Au détour d’une conversation sur le lait, le constat suivant est très vite apparu : les vaches ne font pas du lait uniquement pour le mettre dans des boîtes en carton pour supermarchés humains. Non, en fait, les vaches produisent du lait pour nourrir leurs petits !

C’est de là qu’est parti le raisonnement qui aboutit à la grande question philosophique de ce siècle : les vaches produisent du lait pour leurs petits, c’est un point acquis. Mais les vaches ont besoin de se nourrir pour fabriquer du lait pour leurs petits. C’est aussi un point acquis. Or, les vaches se nourrissent d’herbe, qu’elles broutent joyeusement dans les prés quand elles ne sont pas occupées à se faire observer par des trains de passage. Donc la vache a besoin d’herbe pour exister. Mais la vache, dans son processus de fabrication de lait, produit des déchets, qu’elle a la bonne idée de transformer en engrais et de répandre dans son assiette. Ce qui a pour effet de faire pousser l’herbe. Donc l’herbe a besoin de la vache pour exister.

Alors qui est venu en premier : l’herbe ou la vache ?

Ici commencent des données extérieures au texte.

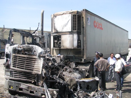 Xe container chở sữa chua bốc cháy dữ dội

D’après Fernandel, ce serait le prisonnier. Car, telle la poule dans son œuf, la vache est prisonnière de l’herbe, et tel l’œuf autour de la poule, l’herbe est prisonnière de la vache. Conclusion : dans un cycle infini de deux éléments, chacun précédant et suivant l’autre, les deux sont prisonniers d’un troisième élément qui n’est autre que leur union. C’est le prisonnier qui est la clé de toute existence. Car tout être vivant est prisonnier de son milieu, hors duquel il ne peut survivre. On a donc tous besoin d’une prison pour se développer, même si celle-ci limite notre taille. Et quand on a atteint notre taille maximale, il n’y a plus qu’à s’évader. C’est-à-dire mourir. Mais attention, la mort n’est pas forcément une preuve d’évasion. Elle peut être une preuve de l’existence d’un des éléments de la prison. Car notre milieu est temporel, et nous sommes tous dotés d’une date de péremption inconnue. Le but de la vie est donc de réussir à s’évader avant notre date de péremption, avant que le compte à rebours de notre prison temporelle ne soit achevé. Il faut donc se développer dans notre milieu pour en découvrir toutes les limites avant cet instant fatidique. Mais c’est justement en cherchant nos limites qu’on se développe. Ce qui revient à chercher nos limites pour découvrir nos limites. Mais comment sait-on qu’on a atteint une limite ? Si notre recherche est stoppée, est-ce parce qu’elle a abouti dans une impasse, ou qu’elle est arrivée à son terme ? Le seul moyen de le savoir est d’essayer de dépasser cette hypothétique limite, c’est-à-dire essayer de s’évader. Donc essayer de mourir. Une fois mort, la limite est franchie. Plus précisément, une limite est franchie. Comment délimiter une prison avec une seule limite ? Il faut donc réitérer l’opération pour découvrir nos autres limites. En essayant de s’évader à chaque fois qu’on pense avoir atteint une limite de notre prison. A chaque fois, si la mort survient, c’est qu’on a découvert une limite. Une fois toutes les limites découvertes, on saura donc comment franchir n’importe laquelle des limites. On saura également s’arrêter avant l’évasion. Par conséquent, ne plus mourir. Le secret de l’immortalité réside donc dans la mort. Plus on meurt, plus on est immortel.

Merci les vaches pour cet instant philosophique.